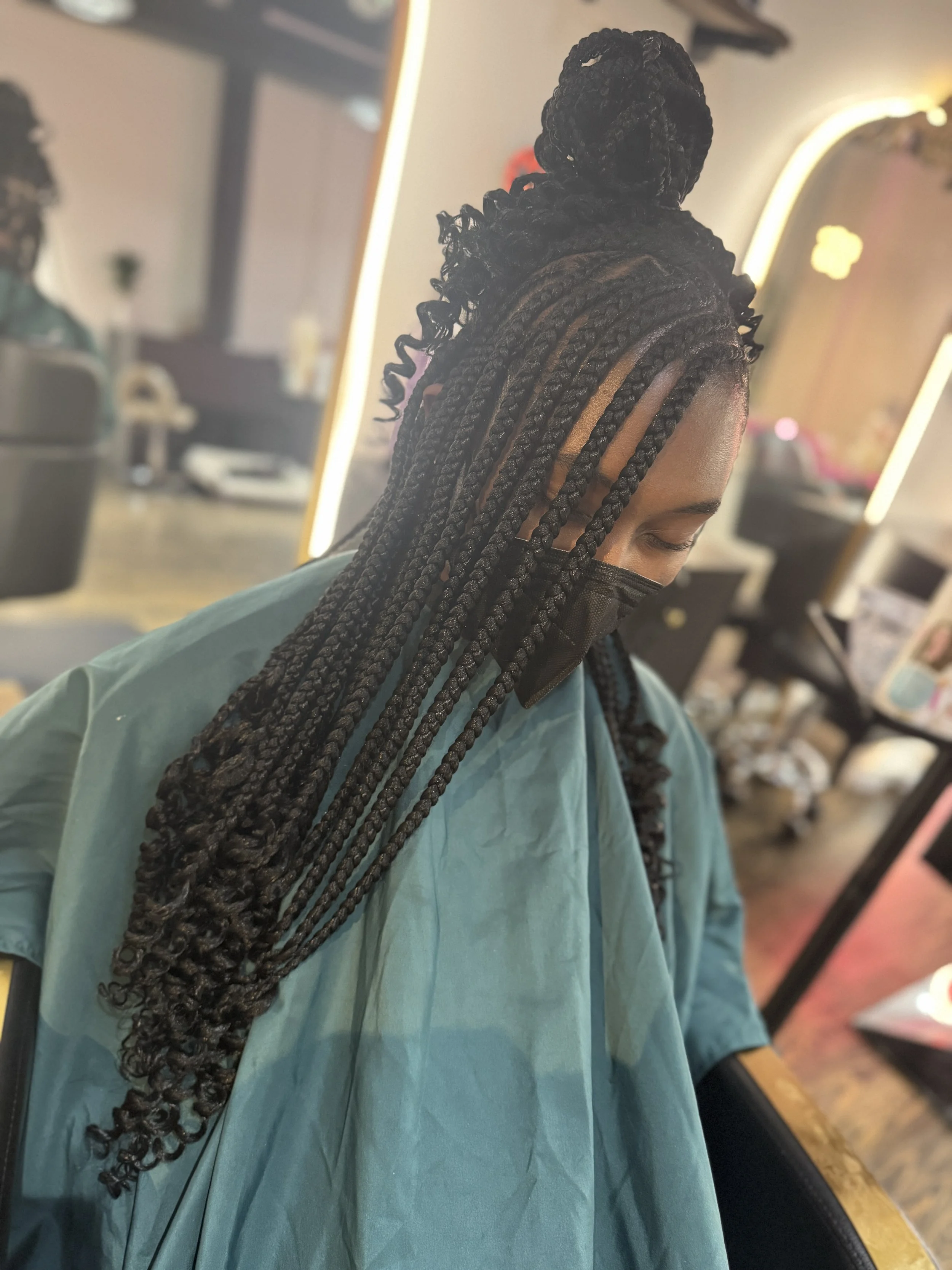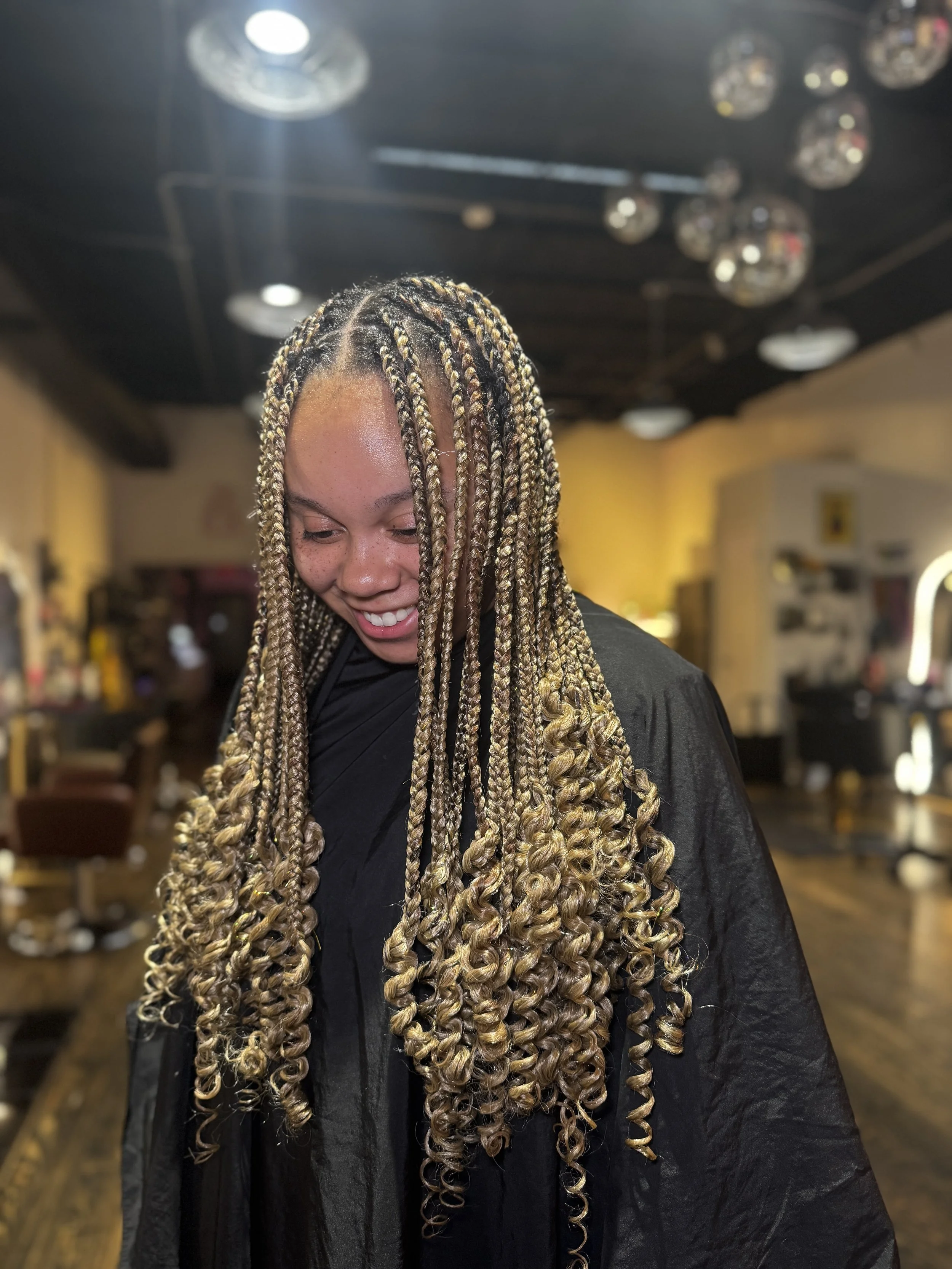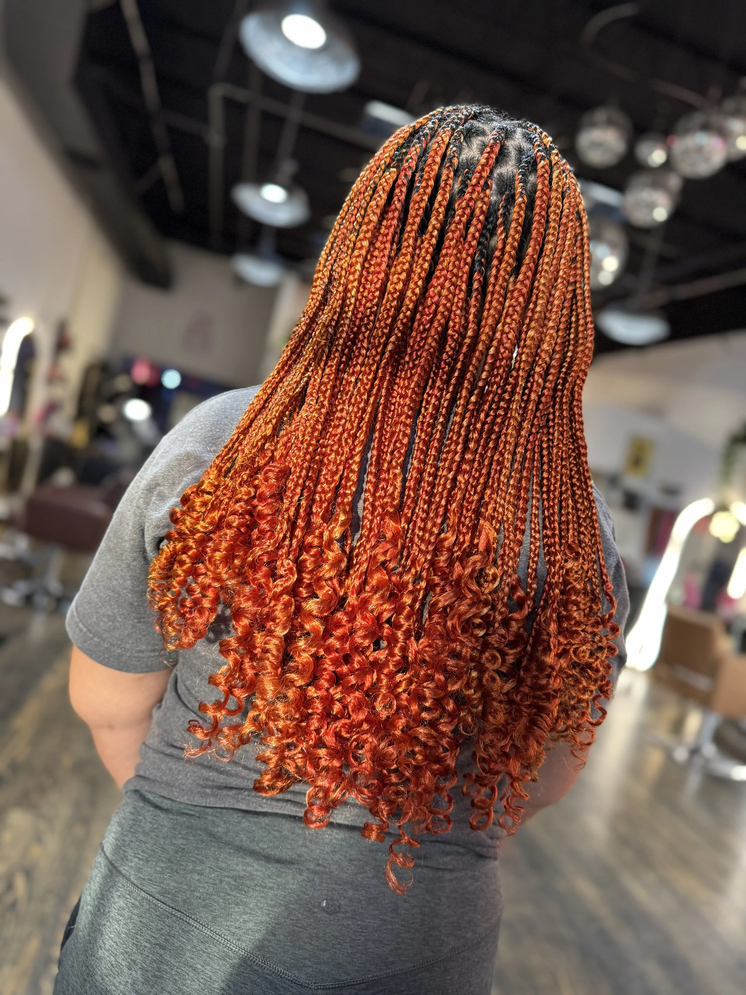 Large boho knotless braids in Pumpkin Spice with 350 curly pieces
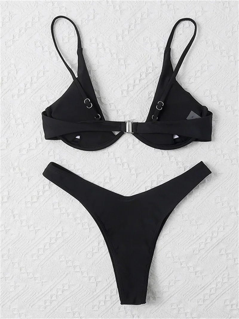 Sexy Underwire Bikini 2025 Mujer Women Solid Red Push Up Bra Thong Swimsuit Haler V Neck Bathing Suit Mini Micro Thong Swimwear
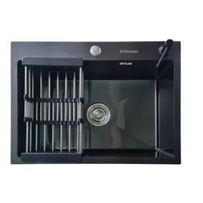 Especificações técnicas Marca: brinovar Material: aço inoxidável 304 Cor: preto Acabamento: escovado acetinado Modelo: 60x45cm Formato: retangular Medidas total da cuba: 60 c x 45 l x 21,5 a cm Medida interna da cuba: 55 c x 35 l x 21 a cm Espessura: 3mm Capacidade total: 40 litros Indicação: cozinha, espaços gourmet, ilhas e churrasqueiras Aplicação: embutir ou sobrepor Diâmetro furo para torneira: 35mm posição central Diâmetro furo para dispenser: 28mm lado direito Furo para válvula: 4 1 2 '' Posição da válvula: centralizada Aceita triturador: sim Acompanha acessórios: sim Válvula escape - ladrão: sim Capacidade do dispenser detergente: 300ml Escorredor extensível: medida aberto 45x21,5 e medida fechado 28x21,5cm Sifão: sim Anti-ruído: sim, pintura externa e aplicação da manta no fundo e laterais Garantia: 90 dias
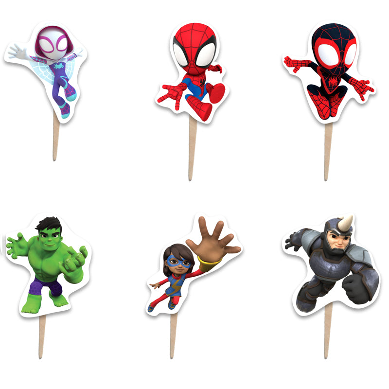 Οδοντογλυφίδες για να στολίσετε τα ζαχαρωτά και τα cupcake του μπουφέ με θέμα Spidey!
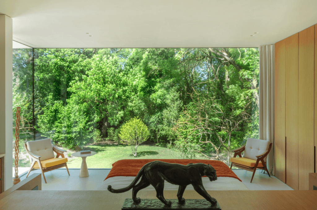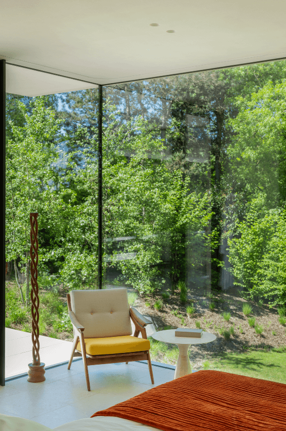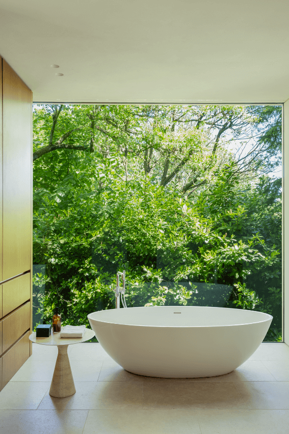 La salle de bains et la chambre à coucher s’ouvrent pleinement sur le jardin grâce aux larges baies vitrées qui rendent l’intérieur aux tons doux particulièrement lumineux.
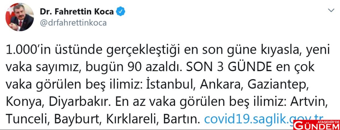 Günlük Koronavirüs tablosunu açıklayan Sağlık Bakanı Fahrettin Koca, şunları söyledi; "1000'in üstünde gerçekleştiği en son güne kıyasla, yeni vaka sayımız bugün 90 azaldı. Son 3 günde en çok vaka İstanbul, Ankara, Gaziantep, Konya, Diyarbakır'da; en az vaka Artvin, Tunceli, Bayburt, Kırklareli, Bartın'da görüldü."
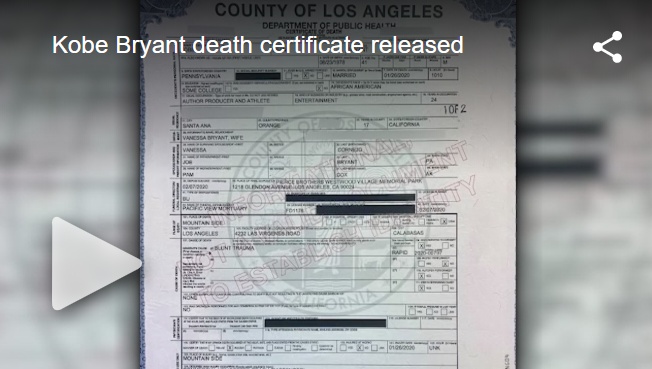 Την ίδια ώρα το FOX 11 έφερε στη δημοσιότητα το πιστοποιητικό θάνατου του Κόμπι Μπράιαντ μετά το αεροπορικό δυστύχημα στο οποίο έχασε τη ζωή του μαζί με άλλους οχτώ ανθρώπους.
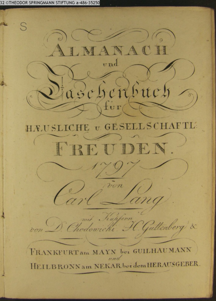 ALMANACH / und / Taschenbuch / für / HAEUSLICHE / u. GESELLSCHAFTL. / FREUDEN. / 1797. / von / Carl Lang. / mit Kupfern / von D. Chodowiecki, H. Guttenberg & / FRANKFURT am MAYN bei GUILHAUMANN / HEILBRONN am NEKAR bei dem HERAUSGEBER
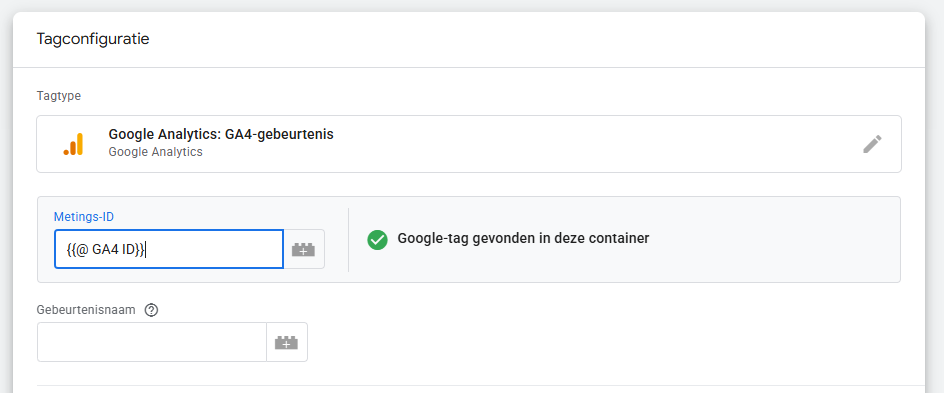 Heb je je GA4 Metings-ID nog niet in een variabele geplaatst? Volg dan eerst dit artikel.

What you need to do: Please write out exactly the lines from the one holding "La salle de" through the last line of the material above, both included, as a copy without pictures.

Answer to this task:
 La salle de bains et la chambre à coucher s’ouvrent pleinement sur le jardin grâce aux larges baies vitrées qui rendent l’intérieur aux tons doux particulièrement lumineux.
 Günlük Koronavirüs tablosunu açıklayan Sağlık Bakanı Fahrettin Koca, şunları söyledi; "1000'in üstünde gerçekleştiği en son güne kıyasla, yeni vaka sayımız bugün 90 azaldı. Son 3 günde en çok vaka İstanbul, Ankara, Gaziantep, Konya, Diyarbakır'da; en az vaka Artvin, Tunceli, Bayburt, Kırklareli, Bartın'da görüldü."
 Την ίδια ώρα το FOX 11 έφερε στη δημοσιότητα το πιστοποιητικό θάνατου του Κόμπι Μπράιαντ μετά το αεροπορικό δυστύχημα στο οποίο έχασε τη ζωή του μαζί με άλλους οχτώ ανθρώπους.
 ALMANACH / und / Taschenbuch / für / HAEUSLICHE / u. GESELLSCHAFTL. / FREUDEN. / 1797. / von / Carl Lang. / mit Kupfern / von D. Chodowiecki, H. Guttenberg & / FRANKFURT am MAYN bei GUILHAUMANN / HEILBRONN am NEKAR bei dem HERAUSGEBER
 Heb je je GA4 Metings-ID nog niet in een variabele geplaatst? Volg dan eerst dit artikel.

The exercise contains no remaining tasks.